= Beginning of Section =
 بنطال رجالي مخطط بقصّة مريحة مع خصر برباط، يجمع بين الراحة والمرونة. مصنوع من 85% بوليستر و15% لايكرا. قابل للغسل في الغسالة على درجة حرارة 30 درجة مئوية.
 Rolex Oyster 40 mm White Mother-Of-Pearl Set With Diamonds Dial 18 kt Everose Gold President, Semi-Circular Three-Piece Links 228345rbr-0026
= End of Section =
= Beginning of Section =
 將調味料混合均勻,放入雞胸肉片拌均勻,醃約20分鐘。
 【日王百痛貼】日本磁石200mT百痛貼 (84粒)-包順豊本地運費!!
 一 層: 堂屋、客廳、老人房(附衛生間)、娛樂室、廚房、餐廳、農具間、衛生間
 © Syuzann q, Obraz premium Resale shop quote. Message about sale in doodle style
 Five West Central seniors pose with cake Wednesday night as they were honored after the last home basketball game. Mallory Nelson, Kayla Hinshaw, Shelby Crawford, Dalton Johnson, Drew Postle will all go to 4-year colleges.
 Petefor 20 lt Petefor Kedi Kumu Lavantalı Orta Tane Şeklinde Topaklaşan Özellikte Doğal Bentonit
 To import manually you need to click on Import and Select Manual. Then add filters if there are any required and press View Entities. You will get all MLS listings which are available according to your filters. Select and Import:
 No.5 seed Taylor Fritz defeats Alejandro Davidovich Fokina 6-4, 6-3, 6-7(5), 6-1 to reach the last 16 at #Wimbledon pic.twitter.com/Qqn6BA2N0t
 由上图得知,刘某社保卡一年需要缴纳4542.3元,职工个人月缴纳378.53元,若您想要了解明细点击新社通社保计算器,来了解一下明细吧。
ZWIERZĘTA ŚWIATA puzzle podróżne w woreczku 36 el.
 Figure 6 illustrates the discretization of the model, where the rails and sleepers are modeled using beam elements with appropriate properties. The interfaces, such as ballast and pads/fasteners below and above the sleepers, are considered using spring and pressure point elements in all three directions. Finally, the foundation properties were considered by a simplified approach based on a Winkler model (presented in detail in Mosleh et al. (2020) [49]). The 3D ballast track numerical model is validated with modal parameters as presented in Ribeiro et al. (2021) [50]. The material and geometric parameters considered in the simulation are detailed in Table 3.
= End of Section =
= Beginning of Section =
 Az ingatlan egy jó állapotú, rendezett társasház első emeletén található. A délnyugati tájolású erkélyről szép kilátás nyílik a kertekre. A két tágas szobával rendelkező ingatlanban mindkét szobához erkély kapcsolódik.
= End of Section =
Print, from the entries above, the line with "ZWIERZĘTA ŚWIATA puzzle", the line with "Figure 6 illustrates" and all lines between them, exactly and with nothing else.

ZWIERZĘTA ŚWIATA puzzle podróżne w woreczku 36 el.
 Figure 6 illustrates the discretization of the model, where the rails and sleepers are modeled using beam elements with appropriate properties. The interfaces, such as ballast and pads/fasteners below and above the sleepers, are considered using spring and pressure point elements in all three directions. Finally, the foundation properties were considered by a simplified approach based on a Winkler model (presented in detail in Mosleh et al. (2020) [49]). The 3D ballast track numerical model is validated with modal parameters as presented in Ribeiro et al. (2021) [50]. The material and geometric parameters considered in the simulation are detailed in Table 3.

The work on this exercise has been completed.